> [Extracted data]
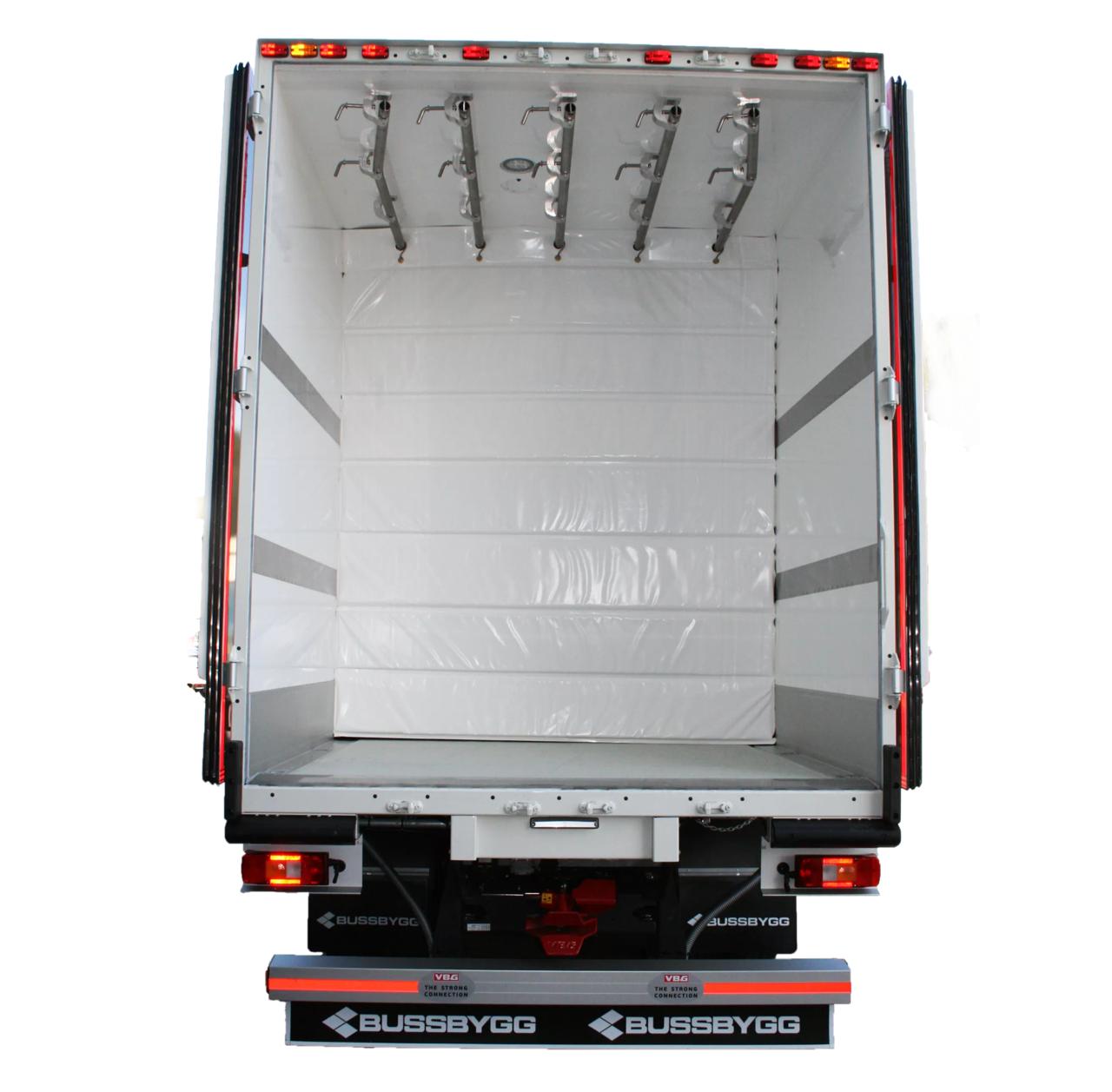 Vikväggen är tillverkad i ett slitstarkt och lättskött ytmaterial, Plastbelagd polyesterväv. Väggen har en hög isoleringsförmåga som ger en god isolering mellan temperaturzoner. Monteras med en godsstötta i var ände av vikväggen med hjälp av remmar. Kombinationen gör att man får en flexibel lättflyttad vägg som passar olika lösningar. Denna modell anpassas för lastbärare med hängande rörsystem i taket. Vikväggen väger ca: 2,2 kg/m². Färg: Vit, grå, blå efter önskemål. Tillverkas mot order i önskad storlek.
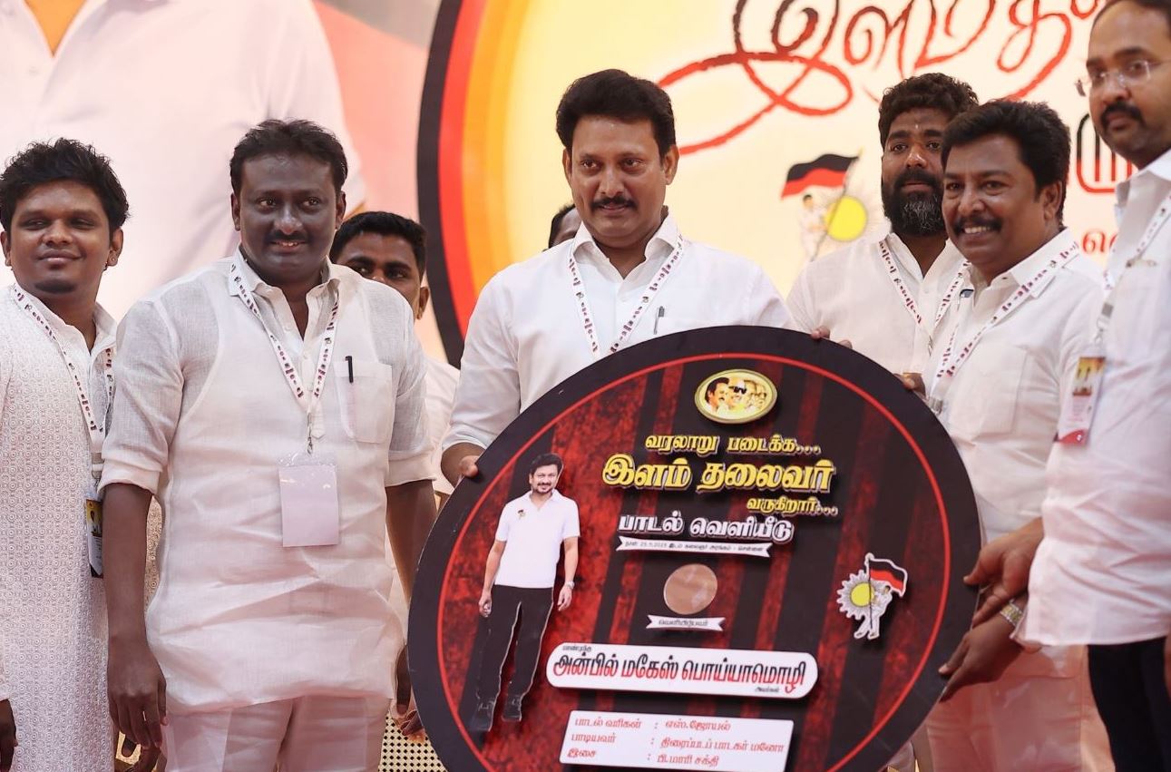 இந்த விழாவில், ‘வரலாறு படைக்க இளம் தலைவர் வருகிறார்’ என்ற பாடலை பள்ளிக் கல்வித்துறை அமைச்சர் அன்பில் மகேஸ் பொய்யாமொழி வெளியிட்டார். மாநில இளைஞரணி துணை செயலாளர்கள் பெற்றுக்கொண்டனர்.
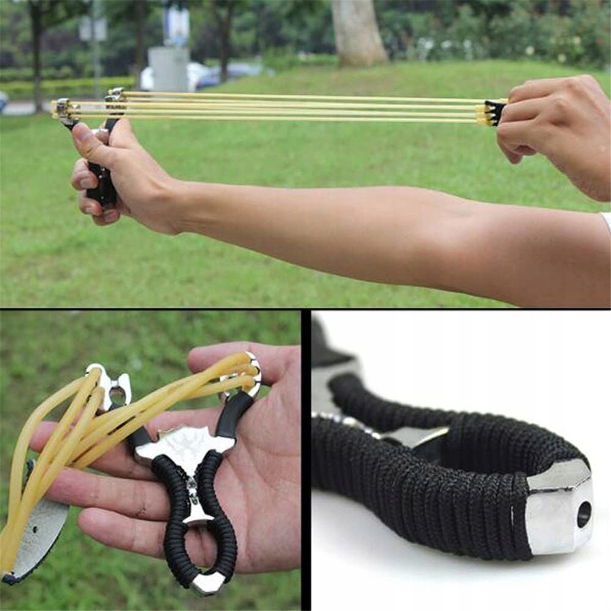 [💪] ПОТУЖНІСТЬ ТА ДОВГОВІЧНІСТЬ: професійна рогатка виготовлена з міцного цинкового сплаву, некрихкого пластику. Ручка міцна, а ручка обмотана міцною нейлоновою мотузкою для ідеального та надійного захоплення. 3 міцні накладки приводу гарантують більшу потужність, радіус дії та точність, ніж стандартні моделі.
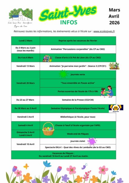 - Classe d’arts à St Pol de Léon (CP au CM2) : Du 4 au 6 Mars 2026
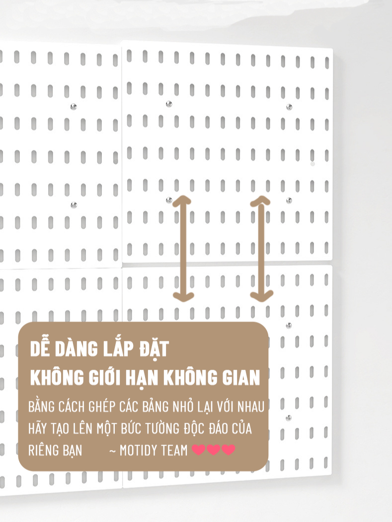 Từ các móc treo nhỏ để bạn có thể móc chìa khóa, ô dù, các dụng cụ cơ khí đến các vật dụng to lớn hơn như cây lau nhà, máy hút bụi cầm tay … tất cả đều có thể lưu trữ thông minh với bảng pegboard Chúng tôi cung cấp hai giải pháp gắn tường
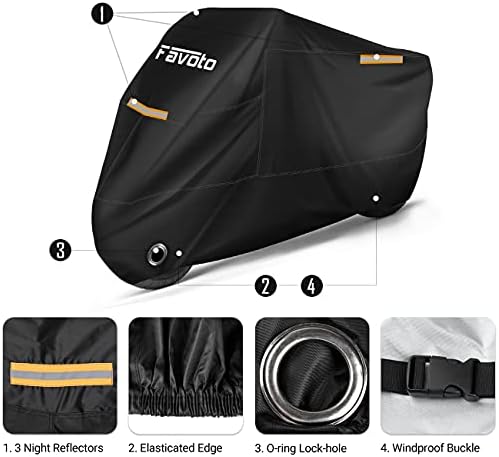 【Universal Fit & Waterproof Strips】- Favoto waterproof motorcycle cover is universal and fits various motorcycles with a measurement of 96.5x41x50 inch /245x105x125 cm. The seams are double-stitched with waterproof tape inside, effectively solving the problem of water leakage.
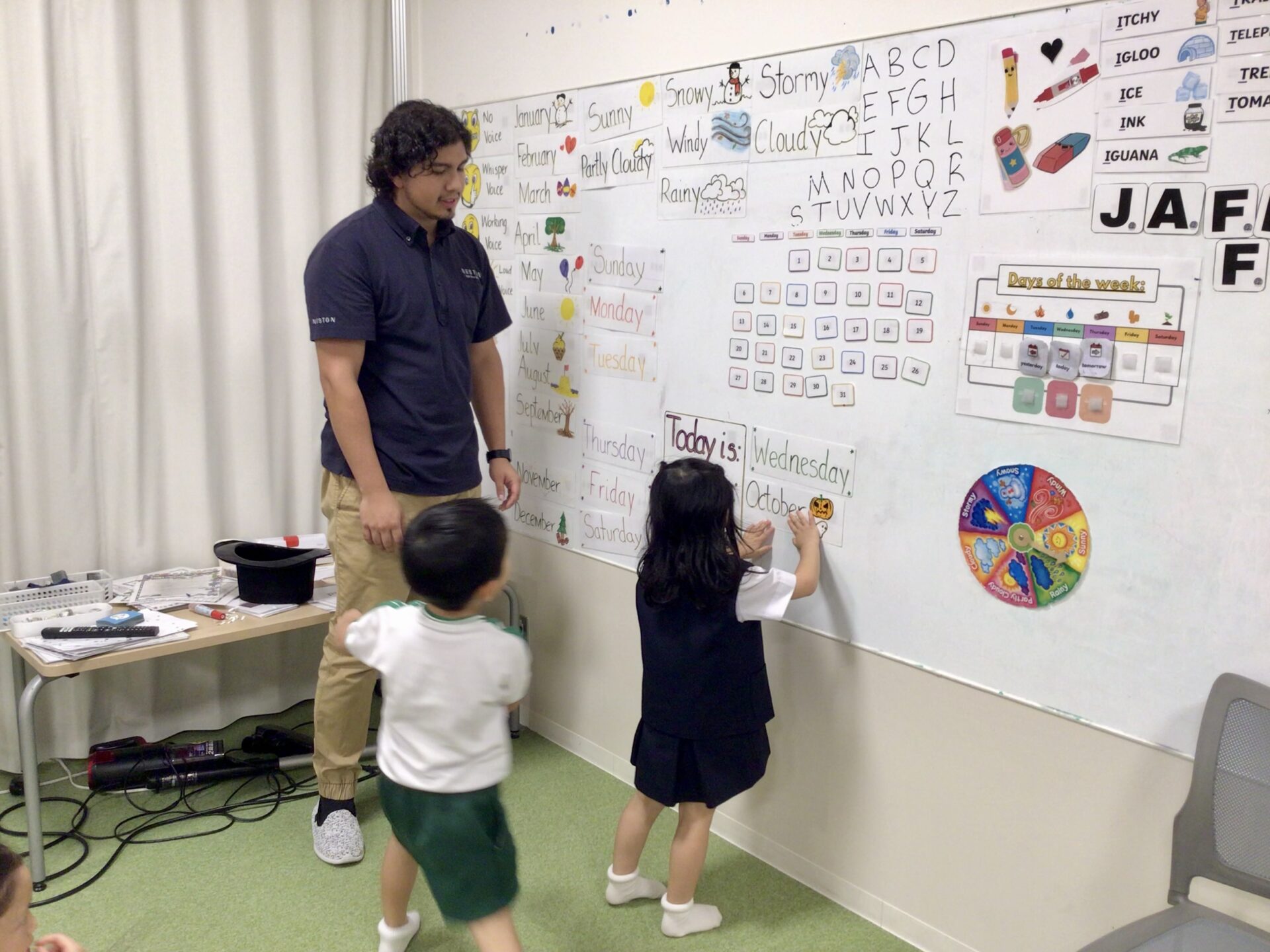 幼稚園クラスでは、毎日授業の始めにサークルタイムを行っています。

> [Problem to solve] Would you print, exactly as they appear, the lines from the line with "of water leakage." through the end of the entries above, leaving out the pictures?

> [Result]
 【Universal Fit & Waterproof Strips】- Favoto waterproof motorcycle cover is universal and fits various motorcycles with a measurement of 96.5x41x50 inch /245x105x125 cm. The seams are double-stitched with waterproof tape inside, effectively solving the problem of water leakage.
 幼稚園クラスでは、毎日授業の始めにサークルタイムを行っています。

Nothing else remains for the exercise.